The side effects are all positive. No drug can make that claim. Gratitude has only positive benefits. 

And we know that for those who love God all things work together for good, for those who are called according to his purpose. -Romans 8:28

I don't enjoy "all things". Some things stink. Some things are hard. We can trust that the tough stuff has purpose. Athletes know this and call it training.
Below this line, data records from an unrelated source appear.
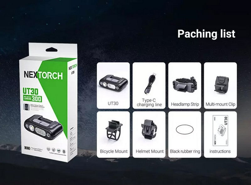 La lampe Nextorch UT30 est une petite lampe portable qui offre trois sources lumineuses différentes, une lumière blanche Spotlight de 220 lumens, une lumière blanche Floodlight de 140 lumens, une lumière rouge de 4 lumens, elle est tout spécialement conçue pour une utilisation mains libres pendant les activités de plein air et l'exploration.
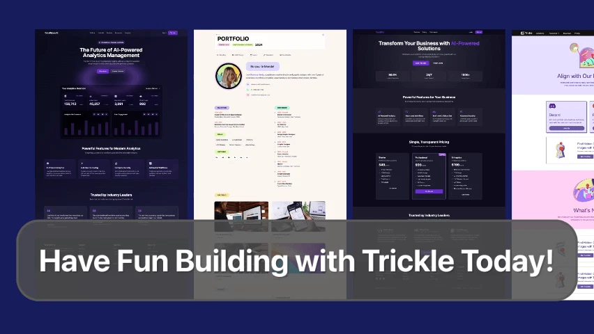 Trickle 是一款一站式工具,赋予每个人构建、发布和管理强大、美观的 AI 代理、网络应用和表单的能力。凭借内置的数据库、AI 模型、分析和设计,Trickle 将想法从概念转化为即用型应用。
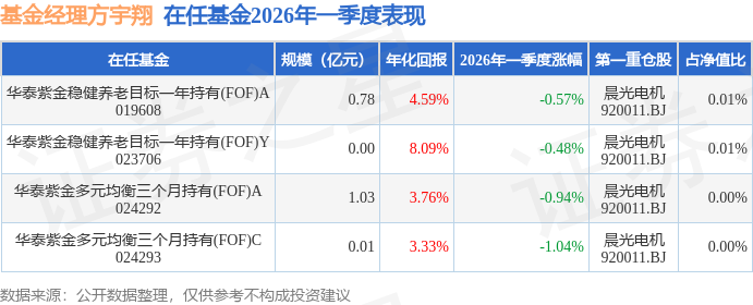 证券之星消息,日前华泰紫金稳健养老目标一年持有(FOF)A基金公布一季报,2026年一季度最新规模0.78亿元,季度净值涨幅为-0.57%。
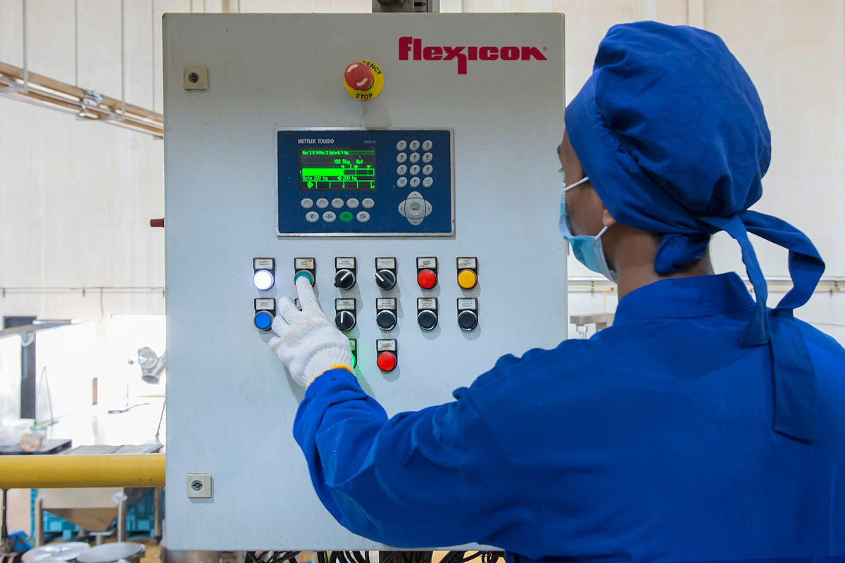 “At the old factory, we added coconut and cane sugar from 25 kg (55 lb) bags, and everything was done by hand, including transporting and weighing the sugar and cutting the bags open one by one,” says Mr. Na. “That was a lot of work.”
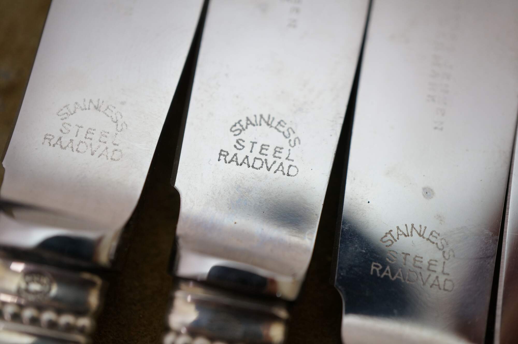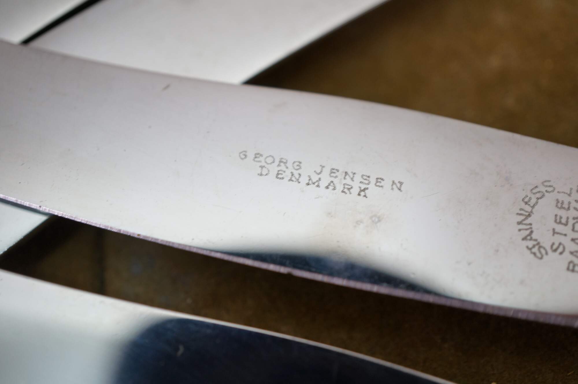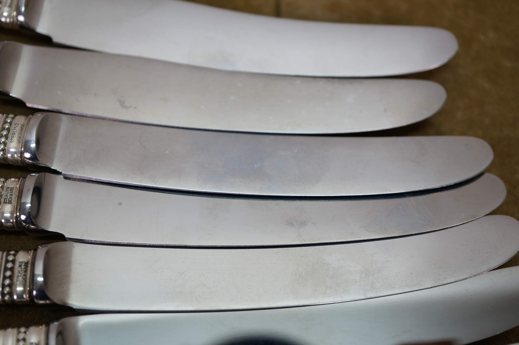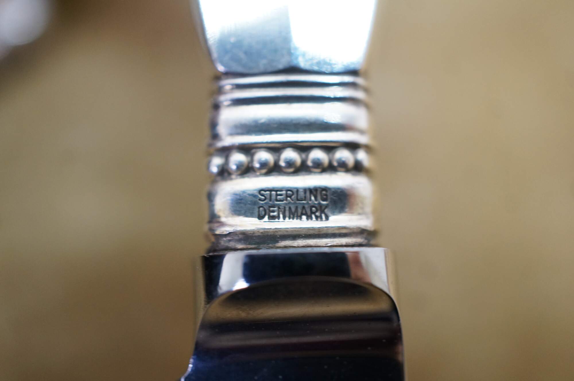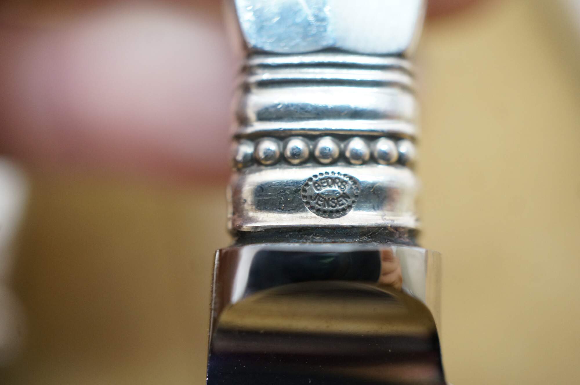 Nine antique Georg Jensen Denmark Sterling Silver 925 steel blade dinner / fruit / butter knives in the Acanthus (Dronning) pattern. The Acanthus pattern was designed by Johan Rohde and introduced in 1917 - a romantic swirl design tops each handle. Each knife features a sterling silver handle and stainless steel Raadvad blade.

He is building us up and preparing us for his purpose. 

"But always seek to do good to one another and to everyone.  Rejoice always,  pray without ceasing, give thanks in all circumstances; for this is the will of God in Christ Jesus for you." -1 Thessalonians 5:15b-18
The complain train is the easiest to jump on and ride, but it is never a pleasant experience. 

"If we’re constantly looking at the negative and searching for problems, the neural pathways for negative thinking become stronger." - Emily Fletcher, Huffington Post contributor 

What if each time we let a complaint slip out ... we balanced it with three points of gratitude? 

A prayer of gratitude and a thankful heart are a pleasing and acceptable offering to our Lord. 

Today, I am grateful that gratitude is a natural anti-depressant.